For auto-populated tables, data should never be entered using Insert directly. Instead, these tables must define the callback method makeTuples(self, key) in MATLAB _make_tuples(self, key). The insert method then can only be called on self inside this callback method.

Consider the following example:

Imagine that there is a table test.Image that contains 2D grayscale images in its image attribute. Let us define the computed table, test.FilteredImage that filters the image in some way and saves the result in its filtered_image attribute.

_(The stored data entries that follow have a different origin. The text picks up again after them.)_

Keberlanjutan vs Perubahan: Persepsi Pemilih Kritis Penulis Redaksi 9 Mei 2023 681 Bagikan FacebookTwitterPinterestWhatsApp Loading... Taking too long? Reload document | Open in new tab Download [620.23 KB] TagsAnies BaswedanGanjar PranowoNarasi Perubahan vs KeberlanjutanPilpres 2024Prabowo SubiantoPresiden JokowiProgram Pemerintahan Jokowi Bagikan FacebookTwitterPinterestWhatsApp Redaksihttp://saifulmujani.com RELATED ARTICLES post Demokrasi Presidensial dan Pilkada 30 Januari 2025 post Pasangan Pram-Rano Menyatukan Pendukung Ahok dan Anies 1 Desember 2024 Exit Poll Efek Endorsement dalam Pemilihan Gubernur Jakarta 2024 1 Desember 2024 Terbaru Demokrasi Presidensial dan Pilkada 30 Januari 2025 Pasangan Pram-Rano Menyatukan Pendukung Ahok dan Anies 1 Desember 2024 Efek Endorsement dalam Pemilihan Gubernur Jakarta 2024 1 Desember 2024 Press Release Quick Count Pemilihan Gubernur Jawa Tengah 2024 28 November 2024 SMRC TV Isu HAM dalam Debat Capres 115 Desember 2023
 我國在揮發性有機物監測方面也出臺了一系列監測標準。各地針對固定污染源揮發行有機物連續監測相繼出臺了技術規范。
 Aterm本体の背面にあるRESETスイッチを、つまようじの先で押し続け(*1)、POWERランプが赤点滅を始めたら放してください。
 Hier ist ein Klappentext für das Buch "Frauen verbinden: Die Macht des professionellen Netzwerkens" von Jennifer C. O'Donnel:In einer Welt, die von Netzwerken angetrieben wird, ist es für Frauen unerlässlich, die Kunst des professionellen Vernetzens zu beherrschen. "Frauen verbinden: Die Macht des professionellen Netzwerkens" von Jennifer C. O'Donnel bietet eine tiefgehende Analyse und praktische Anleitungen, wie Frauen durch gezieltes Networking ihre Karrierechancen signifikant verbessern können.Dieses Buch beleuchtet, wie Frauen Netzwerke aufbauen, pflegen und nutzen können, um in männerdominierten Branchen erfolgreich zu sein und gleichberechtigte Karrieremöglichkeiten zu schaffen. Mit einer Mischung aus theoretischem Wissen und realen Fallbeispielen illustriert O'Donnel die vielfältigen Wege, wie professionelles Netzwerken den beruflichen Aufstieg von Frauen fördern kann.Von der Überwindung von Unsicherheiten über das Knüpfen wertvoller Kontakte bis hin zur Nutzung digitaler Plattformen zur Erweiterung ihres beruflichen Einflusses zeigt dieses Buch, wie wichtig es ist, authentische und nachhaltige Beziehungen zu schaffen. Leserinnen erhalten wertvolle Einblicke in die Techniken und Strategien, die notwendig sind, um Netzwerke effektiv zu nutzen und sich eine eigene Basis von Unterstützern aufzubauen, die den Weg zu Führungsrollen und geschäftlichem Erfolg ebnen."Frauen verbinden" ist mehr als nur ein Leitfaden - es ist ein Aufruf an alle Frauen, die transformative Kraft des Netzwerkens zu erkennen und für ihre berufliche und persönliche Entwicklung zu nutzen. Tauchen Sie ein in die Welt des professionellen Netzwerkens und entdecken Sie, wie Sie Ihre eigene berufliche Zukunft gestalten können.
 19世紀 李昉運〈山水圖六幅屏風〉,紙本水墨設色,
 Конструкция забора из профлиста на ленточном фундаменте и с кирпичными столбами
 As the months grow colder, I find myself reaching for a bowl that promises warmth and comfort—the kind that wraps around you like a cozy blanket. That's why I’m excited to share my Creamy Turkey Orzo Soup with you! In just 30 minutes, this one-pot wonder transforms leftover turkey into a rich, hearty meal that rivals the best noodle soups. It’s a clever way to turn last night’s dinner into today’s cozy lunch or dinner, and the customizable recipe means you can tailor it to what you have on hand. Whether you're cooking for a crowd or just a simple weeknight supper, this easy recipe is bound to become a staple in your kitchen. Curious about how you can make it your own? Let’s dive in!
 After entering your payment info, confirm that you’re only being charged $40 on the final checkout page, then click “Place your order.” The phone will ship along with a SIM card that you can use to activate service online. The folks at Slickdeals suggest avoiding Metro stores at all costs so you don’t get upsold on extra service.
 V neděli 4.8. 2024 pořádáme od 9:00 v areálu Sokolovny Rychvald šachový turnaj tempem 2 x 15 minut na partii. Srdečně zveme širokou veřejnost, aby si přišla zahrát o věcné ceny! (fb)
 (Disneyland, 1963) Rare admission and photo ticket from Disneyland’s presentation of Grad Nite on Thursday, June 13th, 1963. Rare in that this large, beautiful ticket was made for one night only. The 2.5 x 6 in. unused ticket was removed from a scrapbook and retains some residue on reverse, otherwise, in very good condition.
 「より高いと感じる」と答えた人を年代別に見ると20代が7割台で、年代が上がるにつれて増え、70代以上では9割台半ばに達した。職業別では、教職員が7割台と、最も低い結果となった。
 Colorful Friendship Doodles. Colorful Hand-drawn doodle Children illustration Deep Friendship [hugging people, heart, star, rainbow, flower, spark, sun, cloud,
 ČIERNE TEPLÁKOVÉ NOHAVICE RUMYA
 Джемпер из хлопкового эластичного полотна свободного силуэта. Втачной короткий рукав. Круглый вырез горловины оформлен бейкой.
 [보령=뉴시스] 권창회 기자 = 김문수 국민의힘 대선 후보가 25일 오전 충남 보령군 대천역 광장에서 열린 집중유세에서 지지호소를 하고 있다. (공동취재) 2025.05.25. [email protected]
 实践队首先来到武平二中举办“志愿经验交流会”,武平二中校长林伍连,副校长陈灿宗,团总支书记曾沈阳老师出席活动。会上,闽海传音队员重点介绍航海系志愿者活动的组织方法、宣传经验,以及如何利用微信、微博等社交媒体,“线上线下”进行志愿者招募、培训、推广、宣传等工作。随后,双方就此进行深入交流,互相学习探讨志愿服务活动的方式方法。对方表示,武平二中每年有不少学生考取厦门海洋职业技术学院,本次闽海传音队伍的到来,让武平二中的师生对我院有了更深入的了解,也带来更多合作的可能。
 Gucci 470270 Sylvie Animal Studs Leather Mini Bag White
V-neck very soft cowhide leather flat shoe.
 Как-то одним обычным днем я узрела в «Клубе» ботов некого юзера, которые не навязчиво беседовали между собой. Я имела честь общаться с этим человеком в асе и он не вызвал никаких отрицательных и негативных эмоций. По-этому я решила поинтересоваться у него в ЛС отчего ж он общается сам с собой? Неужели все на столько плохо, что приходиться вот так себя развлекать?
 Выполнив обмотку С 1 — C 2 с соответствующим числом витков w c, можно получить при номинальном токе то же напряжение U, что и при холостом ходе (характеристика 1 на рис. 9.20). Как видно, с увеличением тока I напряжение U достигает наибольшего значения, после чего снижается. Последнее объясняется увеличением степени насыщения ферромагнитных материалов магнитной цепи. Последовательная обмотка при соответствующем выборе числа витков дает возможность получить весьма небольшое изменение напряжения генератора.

The class will be defined as follows.

matlab MATLAB

%{
# Filtered image
-> test.Image
---
filtered_image : longblob
%}

classdef FilteredImage < dj.Computed
    methods(Access=protected)
        function makeTuples(self, key)
            img = fetch1(test.Image & key, 'image');
            key.filtered_image = myfilter(img);
            self.insert(key)
        end
    end
end

python Python

@schema
class FilteredImage(dj.Computed):
    definition = """
    # Filtered image
    -> Image
    ---
    filtered_image : longblob
    """

    def _make_tuples(self, key):
        img = (test.Image() & key).fetch1['image']
        key['filtered_image'] = myfilter(img)
        self.insert(key)

The make_tuples method received one argument: the key of type struct in MATLAB and dict in Python. The key represents the partially filled tuple, usually already containing Primary Key attributes.

Inside the callback, three things always happen:

  1. Fetch data from tables upstream in the pipeline using the key for Restriction.
  2. The missing attributes are computed and added to the fields allredy in key.
  3. The entire tuple is inserted into self.

make_tuples may populate multiple tuples in one call when key does not specify the entire primary key of the populated table.

Populate

The inherited populate method of dj.Imported and dj.Computed automatically calls make_tuples for every key for which the auto-populated table is missing data.

The FilteredImage table can be populated as

python Python

FilteredImage().populate()

The progress of long-running calls to `populate()` in datajoint-python can be visualized by adding the `display_progress=True` argument to the populate call.

matlab MATLAB

populate(test.FilteredImage)

Note that it is not necessary which data needs to be computed. DataJoint will call make_tuples, one-by-one, for every key in Image for which FilteredImage has not yet been computed.

Chains of auto-populated tables form computational pipelines in DataJoint.